Inferring Authentication Roles on client side with Spring Security

[kaykay]

I am using Spring 2.5 , Spring Security 2.0.4 framework along with GWT .

After setting all the appropriate security filters - I was able to complete a JdbcDao based Authentication from the database successfully.

For a given page - say , landingpage.jsp I want the display different content depending on the different roles , say admin and user.

I have designed landing_admin.jsp , landing_user.jsp separately for the same.

From a given page - say landing_default.jsp (after logging in) - I need the code fragment that can automatically redirect to landing_admin.jsp or landing_user.jsp depending on the role of authentication (ROLE_ADMIN or ROLE_USER etc).

How do I get to access the authentication roles on the client side for a Spring Security configuration. Thanks.

[kaykay]

Ok - I am looking at the petclinic example for the above mentioned problem -

http://static.springframework.org/sp...-tutorial.html .

I am using the jsp tag library in my application -

My jsp page (after login redirect ) looks as follows.

<%@ taglib prefix="security"
uri="http://www.springframework.org/security/tags"%>
<html>
<body>

<security:authorize ifAllGranted="ROLE_ADMIN">I am an Admin</security:authorize>
<security:authorize ifAnyGranted="ROLE_USER">I am an User</security:authorize>
..
...
</body></html>

I added jstl-1.2.0.jar in WEB-INF/lib of the application to be deployed.

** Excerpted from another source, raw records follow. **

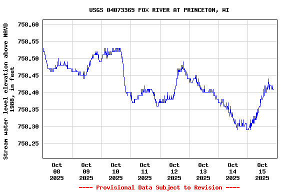 LOCATION.-- Lat 43°51'04", long 89°08'00", in SE 1/4 NW 1/4 SE 1/4 sec.24, T.16 N., R.11 E., Green Lake County, Hydrologic Unit 04030201 on right bank at upstream side of bridge on state highway 23, at Princeton, WI.
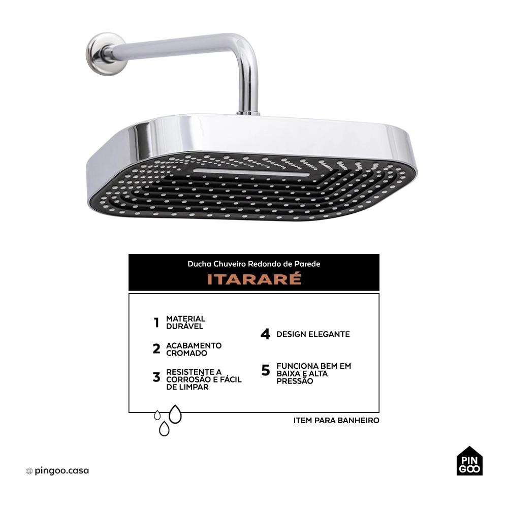 Ducha Chuveiro Retangular de Parede Guamá Pingoo - Prata
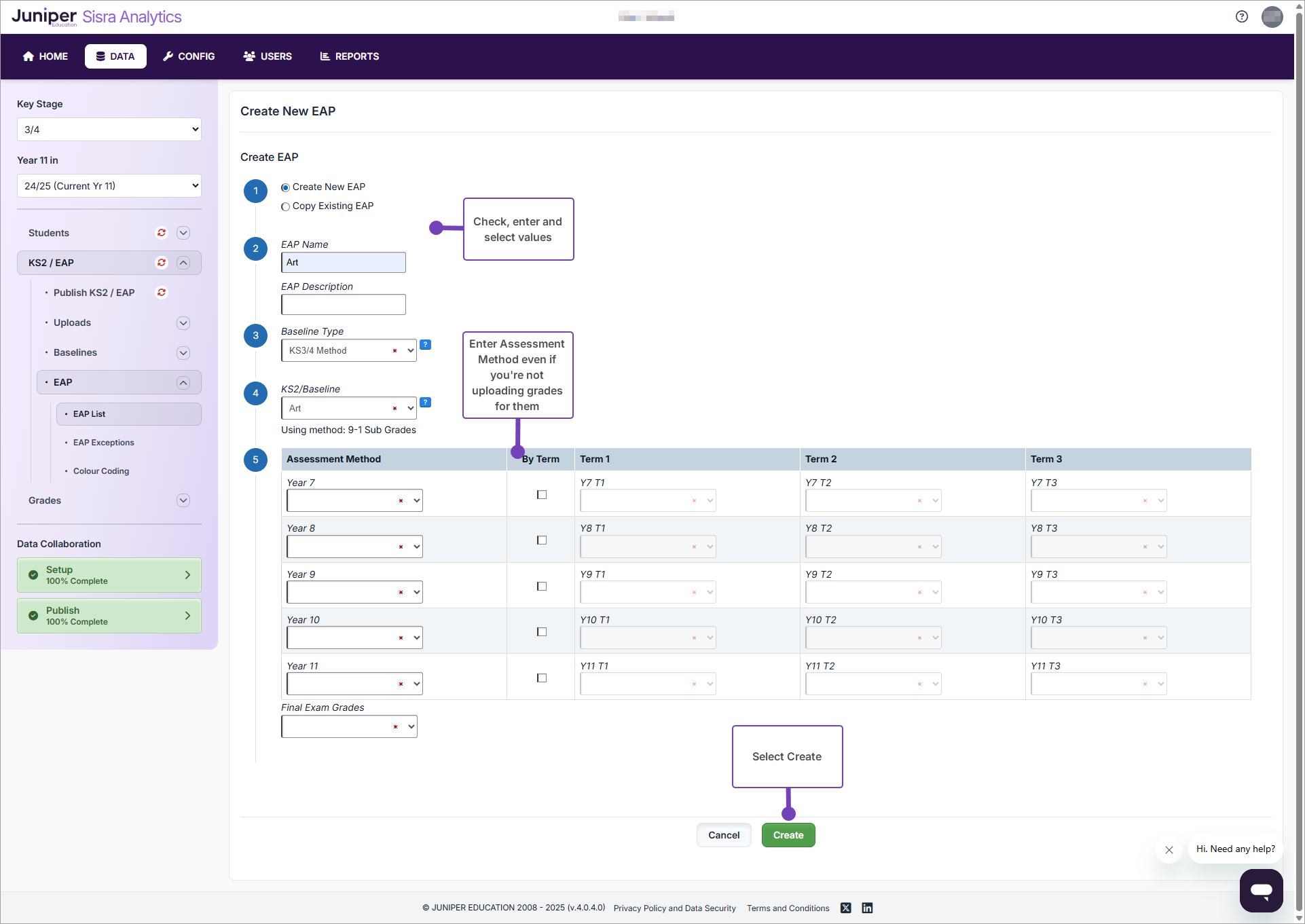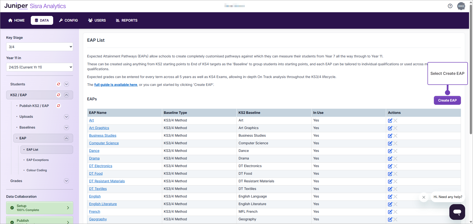 This article explains how to create one or more EAPs in KS3/4 after uploading baseline data for a cohort.
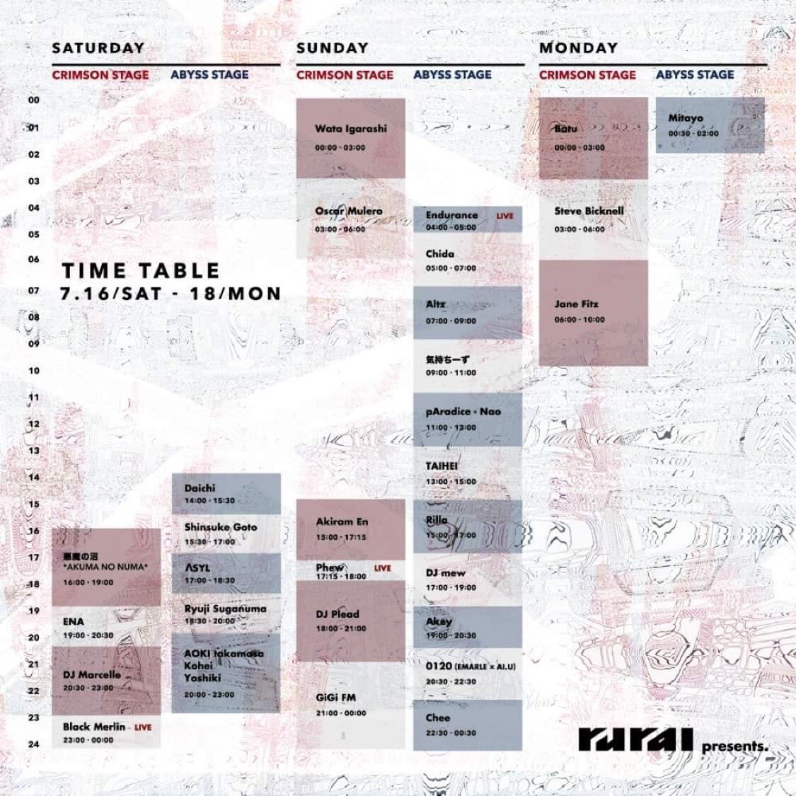 終演 7月18日(月)10:00 / 閉場 11:00

When I try to visit the page - I am getting the following exception:


org.apache.jasper.JasperException: The absolute uri: http://www.springframework.org/security/tags cannot be resolved in either web.xml or the jar files deployed with this application
org.apache.jasper.compiler.DefaultErrorHandler.jsp Error(DefaultErrorHandler.java:51)
org.apache.jasper.compiler.ErrorDispatcher.dispatc h(ErrorDispatcher.java:409)
org.apache.jasper.compiler.ErrorDispatcher.jspErro r(ErrorDispatcher.java:116)


Any idea what jar needs to be packaged for the identification of the URI.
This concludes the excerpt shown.